The state-of-the-art hail data and analysis that Verisk Climate delivers to clients uses the latest radar technology advancements to map precisely where hail fell and how severe it was. Our hail update for the 2015 severe weather season marks the insurance industry’s first availability of hail data derived from these two U.S. radar infrastructure improvements, dual-polarization radar data and two-minute radar data frequency.

The resulting data is used by property, auto, and crop insurance and related markets to proactively respond to catastrophes, verify insurance claim accuracy and predict demand surges in building materials and labor. It’s integrated into customer enterprise platforms and our products including

  • Respond™ Hail Size, Extent and Duration
  • Benchmark™ Hail History and Date of Loss Reports
  • Benchmark Hail Maps
  • RiskScape™ Hail for Underwriting
  • Verisk Insurance Solutions software applications

Consider the following case examples that demonstrate the advantages of incorporating these two technology upgrades into hail data analytics.

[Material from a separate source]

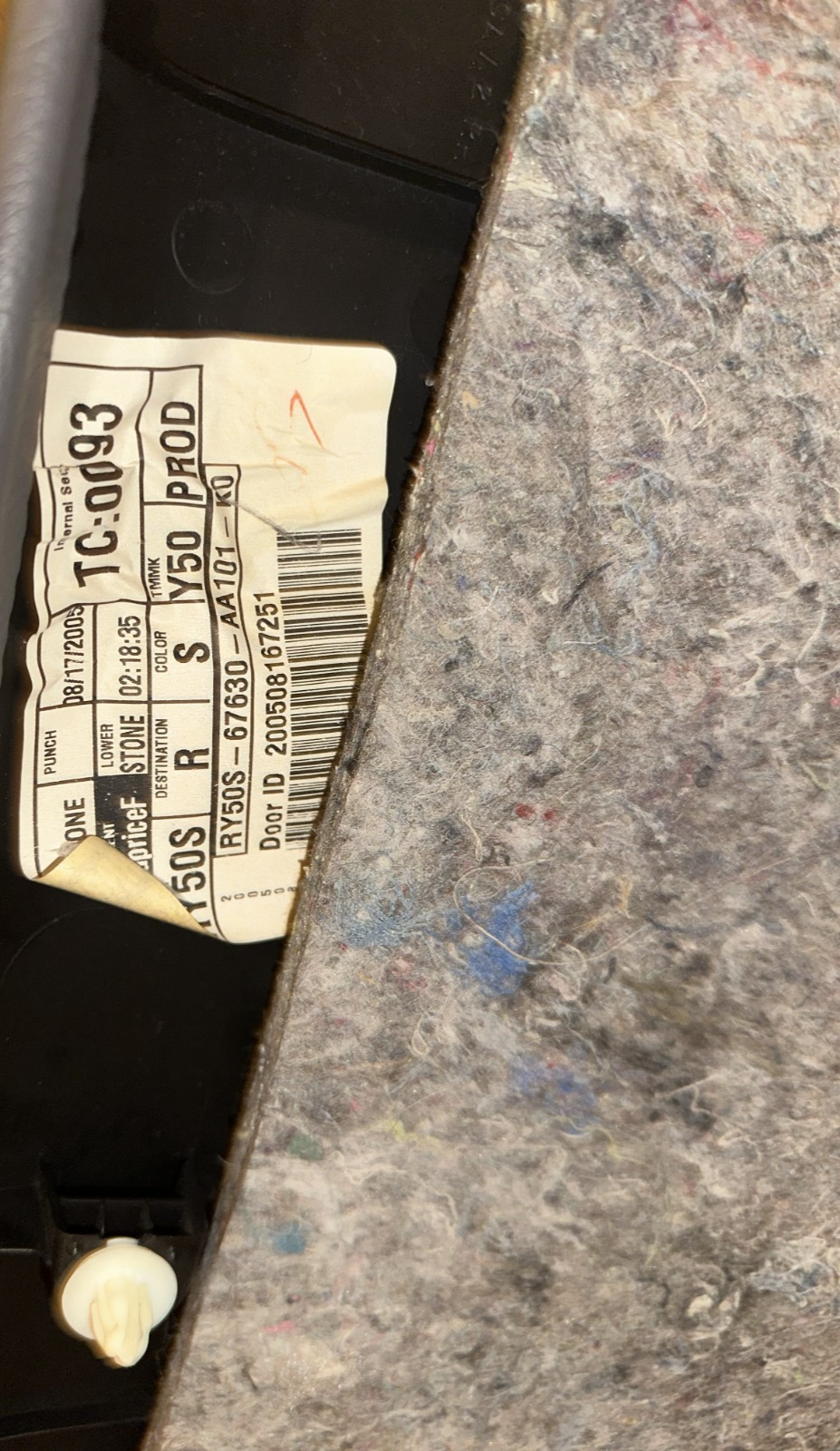 02-06 Toyota Camry Door Panel Light Gray RH Passenger Rear OEM

Case 1: Heavy Rain or Hail?

A thunderstorm cell is moving across Mississippi during the height of the severe weather season. Traditional radar products indicate very strong radar returns, indicative of large hail in the core of the storm. However, weather spotters on the ground only measure a few relatively small hailstones with most reports indicating just heavy rain. So what happened to the hail?

Traditional radar scans are only able to measure the intensity of falling precipitation. In this case, the intensity of the precipitation was quite heavy, shown by the red colors in the top half of the image, but the hail was melting as it fell to the ground. This resulted in smaller hail sizes or no hail at the surface. Using dual-polarization technology, the radar data can be used to categorize the falling precipitation. In this example, the additional information from dual-polarization, shown in the bottom half of the image, indicates that in the heavy precipitation regions, only small hail and rain were reaching the ground, shown in dark green, with only a couple very small pockets of larger hail, shown in red. By taking advantage of sophisticated dual-polarization technology, a more accurate hail swath can be obtained.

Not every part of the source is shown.